Another difference between deep learning and human brains is the number of training examples required, with millions of labeled images needed to learn simple categorization tasks5. In fact, deep learning would not exist if the digital revolution hadn’t made big data available. Fortunately, the human brain is better at generalizing from smaller sets of experiences, but recent machine learning approaches try to mimic this3. Conversely, we may not learn to recognize some features because we do not routinely train ourselves on labeled data. An example is the recent controversial study claiming that a deep network learned to recognize sexual preferences of people by analyzing pictures on a dating website.Footnote 7 In newspapers, this was reported as a demonstration of how artificial intelligence can now beat the human mind. In real life, however, people often don’t know who is gay or not (we lack the label) and I doubt any rational person would consider training themselves by going through all the profiles on a dating site.

Returning to the AlphaGo Zero example2, the success of deep learning may soon be surpassed by reinforcement learning, which is again directly based on neuroscience concepts.3,Footnote 8 In this case the big data challenge was overcome by having AlphaGo play games against itself, so no prior data was required. This may be conceptually similar to many forms of learning in infancy, where trial and error clearly play a very big role. But while being successful at playing Go and chess seems a big achievement because of the close to infinite number of possible game states, the important limiting metric for reinforcement learning is the number of possible actions and that number is, clearly, limited for any board game. Nevertheless, it is probably worthwhile to carefully investigate lessons that can be drawn from AlphaGo Zero.
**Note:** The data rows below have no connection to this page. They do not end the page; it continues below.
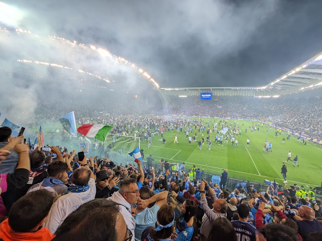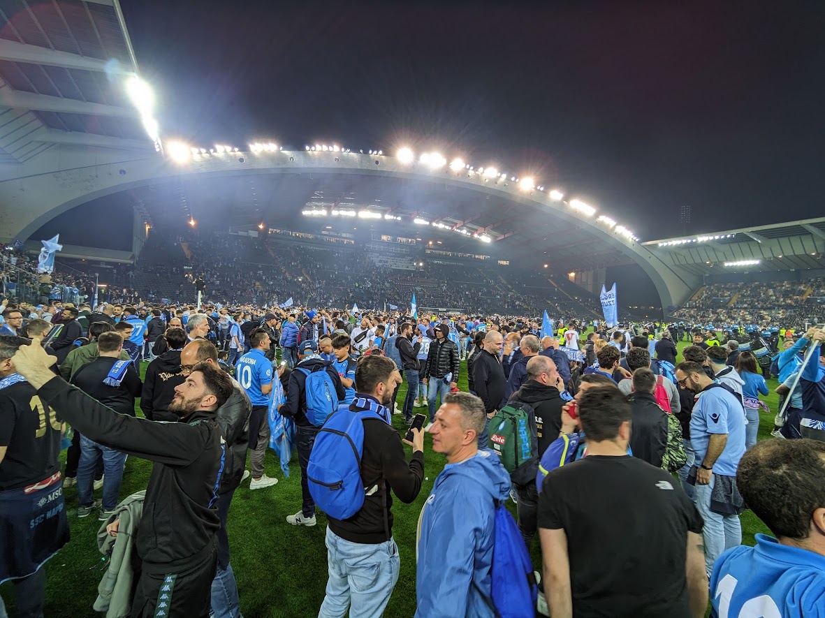 Pred štadiónom to už vrelo. Všetci sme sa s nadšením a očakávaním vybrali na štadión, kde sme zažili atmosféru, akú sme nikdy predtým nezažili. Fanúšikovia Neapolu boli v extáze, spievali a povzbudzovali svojich hráčov od prvých minút až do záverečného hvizdu. Domáci síce vyhrávali, ale v druhom polčase Neapol vyrovnal a bod stačil na zisk titulu. Po konečnom hvizde sa ľudia rozutekali na trávnik a oslava mohla začať. Jeden z klientov bol dokonca prvý pri Lobotkovi a má s ním pamätnú fotografiu.
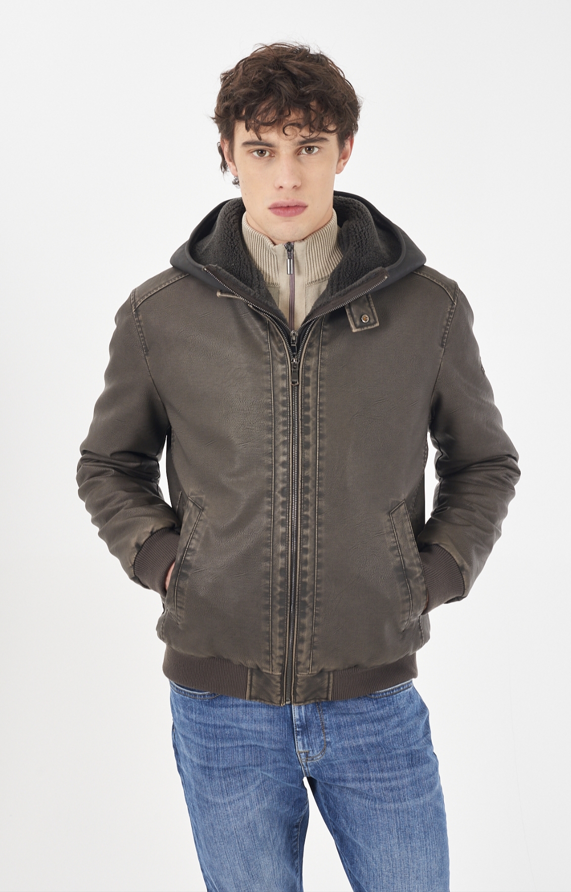 Cazadora ecopiel con chaleco y capucha de borreguito desmontable YES ZEE.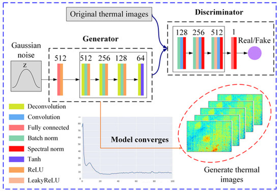 Data augmentation has become one primary method of saving data collection costs to solve small data problems [28,29,30]. For the thermographic data analysis, a critical factor restricting the performance of the thermography method is the limited number of thermal images. Therefore, it is a natural idea to adopt the data augmentation strategy to solve the challenge of the insufficient amount of data faced by thermography methods. Among the data augmentation techniques, thanks to the clever game structure design, GAN and its derivatives perform well in several application scenarios and provide promising solutions [26,27,28,29]. In this work, SNGAN [25], as an improved GAN algorithm, is used as a data augmentation tool to augment the dataset and enrich the diversity of the data.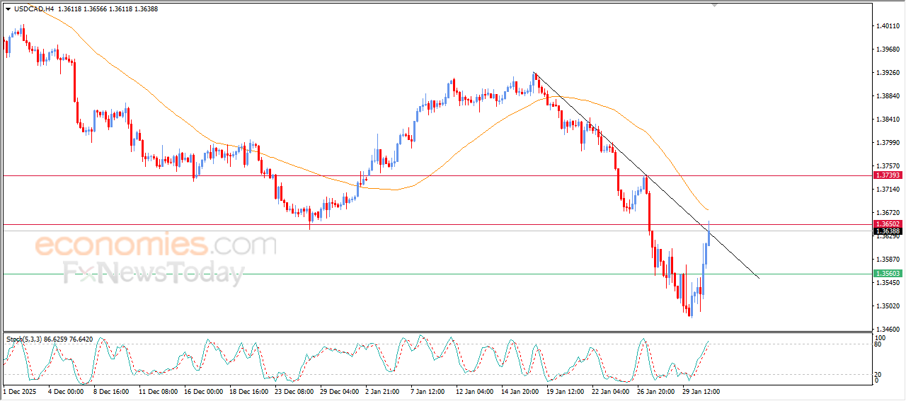 The (USDCAD) price extended its strong gains in its last intraday trading, supported by the emergence of positive signals from relative strength indicators, attacking minor bearish trend line on short-term basis, accompanied by its attempts to get rid of the negative pressure of EMA50. If the price manages to reach this level, it will announce its full recovery and reinforce its gains extended on a near-term basis.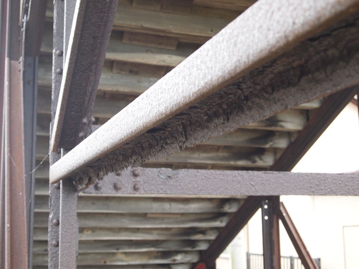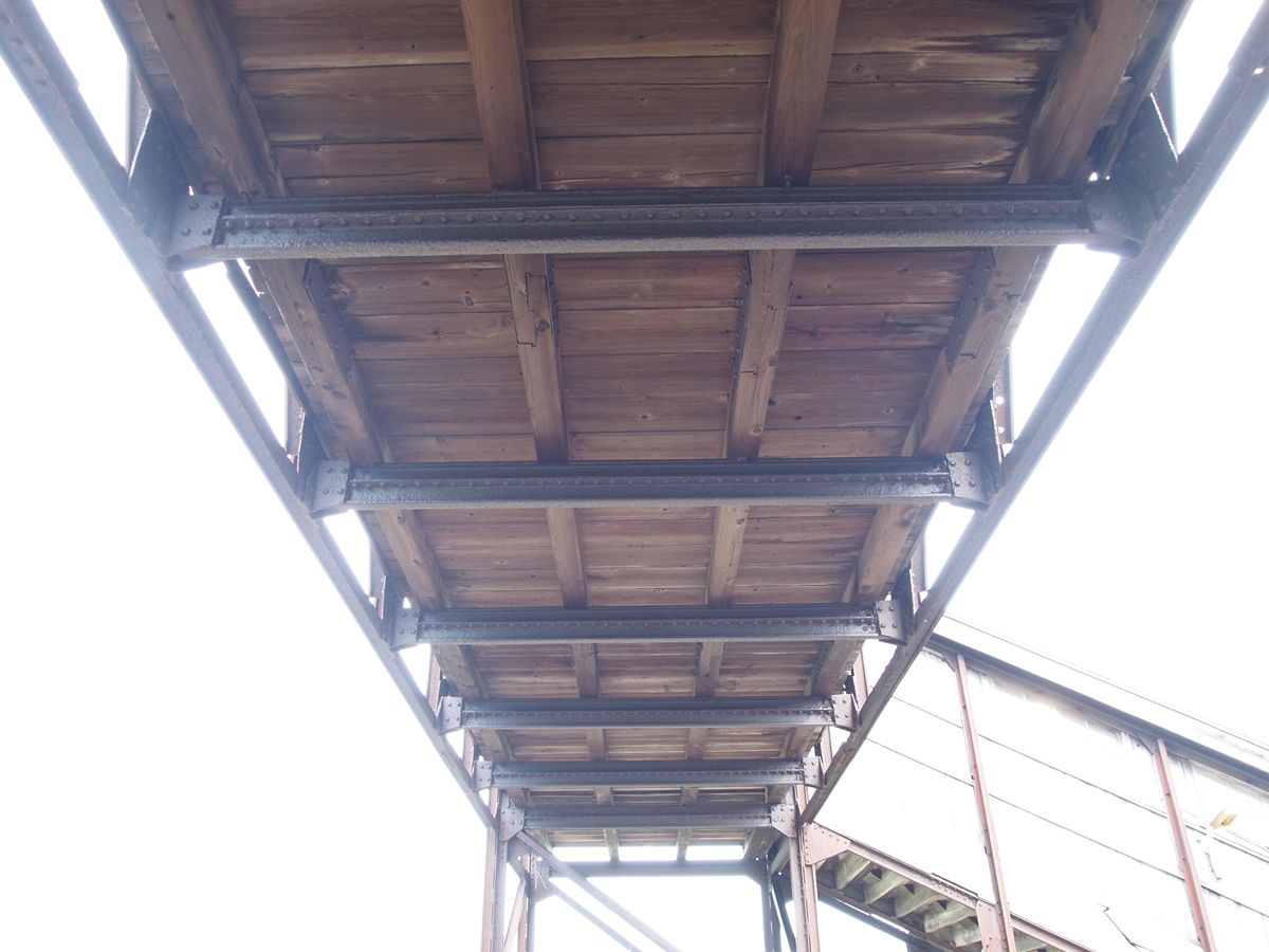 跨線部分。柱のところどころにボルトが見えるのは、プラットトラスに組まれた古レールのフレームとの接合のためだろう。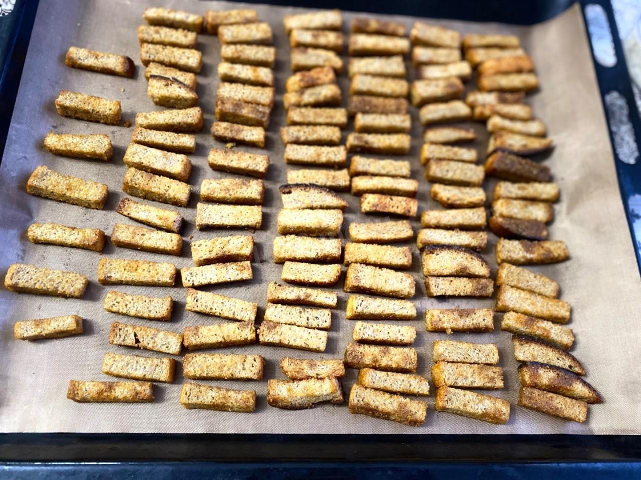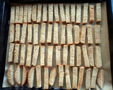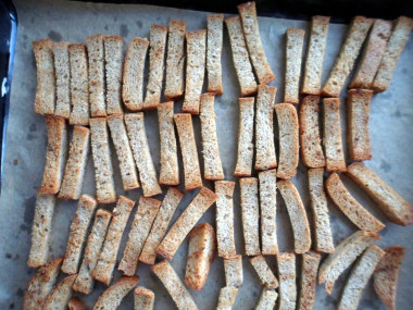 Разложите сухарики в масле обратно на противне и верните в духовку. Готовьте еще около 15-20 минут при той же температуре.По истечении времени выньте готовые сухарики из духовки и дайте им остыть при комнатной температуре. После охлаждения переложите сухарики в подходящую ёмкость и подавайте к столу. Приятного аппетита!

Finally, I want to report on an interesting recent reportFootnote 9 that shows a fairly realistic way to solve one of the most vexing problems in mapping machine learning to the brain: the credit assignment problem. The first machine learning revolution in the 80ies was based on the discovery of the back-propagation algorithmFootnote 10 and it is well known that real brains have no back-propagation3, i.e. transmission of weight updates from higher layers to lower layers. In more modern terms, this is called the credit assignment problem: which neurons in lower layers directly contributed to the final behavioral outcome? Interestingly, leading researchers in deep learning are quite concerned about finding solutions to this conundrumFootnote 11,Footnote 12 but till now only partial answers were proposed. Guerguiev et al.9 propose to use the dendritic structure of neurons and this is a remarkably complete scheme, although there are still a few unresolved issues. Specifically, sparse feedback connections carrying higher-order feedback to the apical dendrites are used to drive changes in synaptic weights in basal dendrites that receive sensory input. The dendrites are essential because they provide for physical separation of the two inputs onto the same neuron. I will not describe the results in detail, but encourage reading of the paper.

From my perspective, this is quite an ironic result. As an avid modeler of dendritesFootnote 13,Footnote 14 I have been frustrated by the swing of the field of computational neuroscience towards point neuron network modeling. I have seen a gradual loss of interest among students of summer schools in computational neuroscience in simulating single neuron models and the shift is also noticeable in recent textbooks.Footnote 15 If what Guerguiev and colleagues (including a scientist working at DeepMind) propose9 is true, then understanding how neural networks learn complex tasks will require models that include both apical and basal dendrites, though the models themselves do not have to be very complex. This nicely matches the recent demonstration in in vivo experiments of the behavioral importance of dendritic spikesFootnote 16 and suggests a bright future for modeling dendrites.